Starting at the first line of the data, print every line up to and including the one with "ブナの森に混ざるのは赤く紅葉", but no pictures.

* _Material provided_:
<<<<
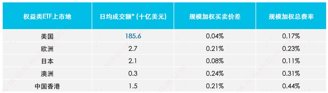 根据彭博统计,截至 2022 年底,美国权益类 ETF 日均成交额 1856 亿美元,远远超越全球其他地区。
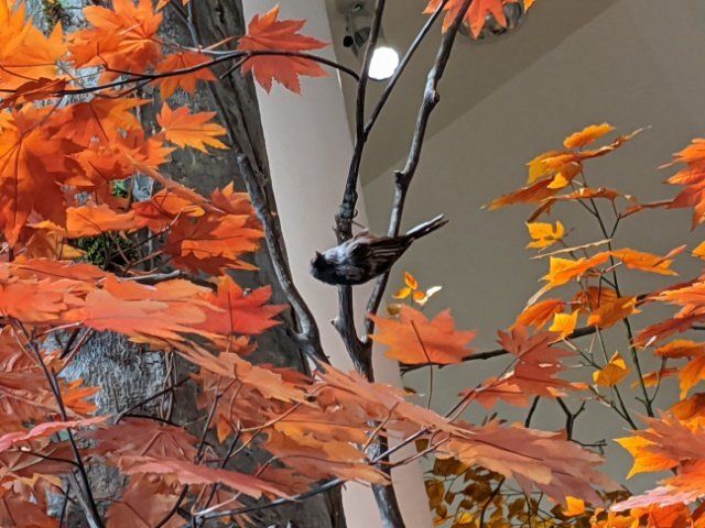 ブナの森に混ざるのは赤く紅葉したハウチワカエデ。そして、その枝に逆さにぶら下がっている鳥はエナガ。小さくて丸っこい、とてもかわいい野鳥です。
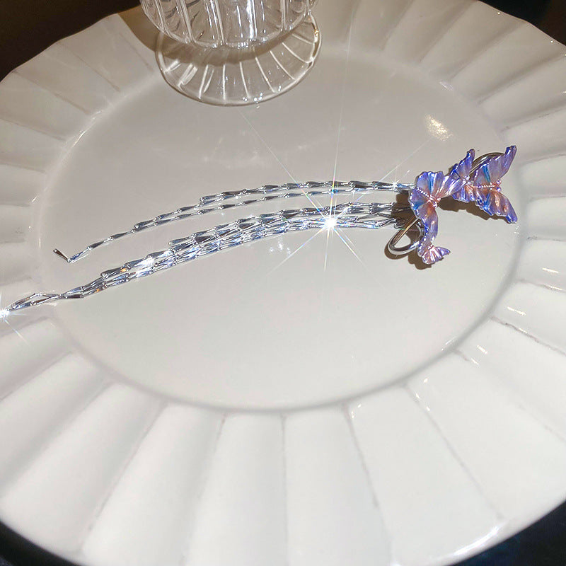 This is a striking and elaborate ear cuff featuring multiple delicate, iridescent butterfly motifs that appear to perch along the helix of the ear. From the bottom of the design, a long, shimmering cascade of fine silver-toned chains gracefully drapes down, creating a dramatic and elegant statement piece that combines whimsical charm with sophisticated sparkle.
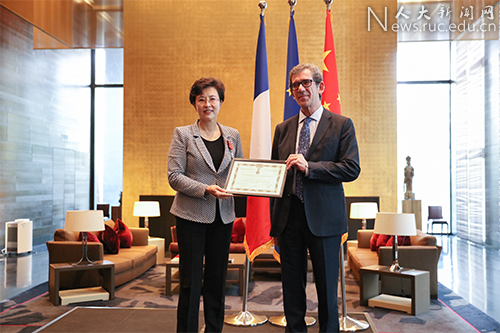 4月26日,中国人民大学党委书记靳诺在法国驻华大使官邸被授予法国国家荣誉军团骑士勋章。法国驻华大使黎想(Jean-Maurice Ripert)代表法国总统埃马纽埃尔·马克龙(Emmanuel Macron)向靳诺颁发荣誉勋章和证书。这是法国政府颁授的最高荣誉勋章,以表彰靳诺对中法高等教育交流与合作所作出的卓越贡献。法国驻华使馆官员、中国人民大学副校长杜鹏出席观礼。
>>>>
* _Exercise answer_:
 根据彭博统计,截至 2022 年底,美国权益类 ETF 日均成交额 1856 亿美元,远远超越全球其他地区。
 ブナの森に混ざるのは赤く紅葉したハウチワカエデ。そして、その枝に逆さにぶら下がっている鳥はエナガ。小さくて丸っこい、とてもかわいい野鳥です。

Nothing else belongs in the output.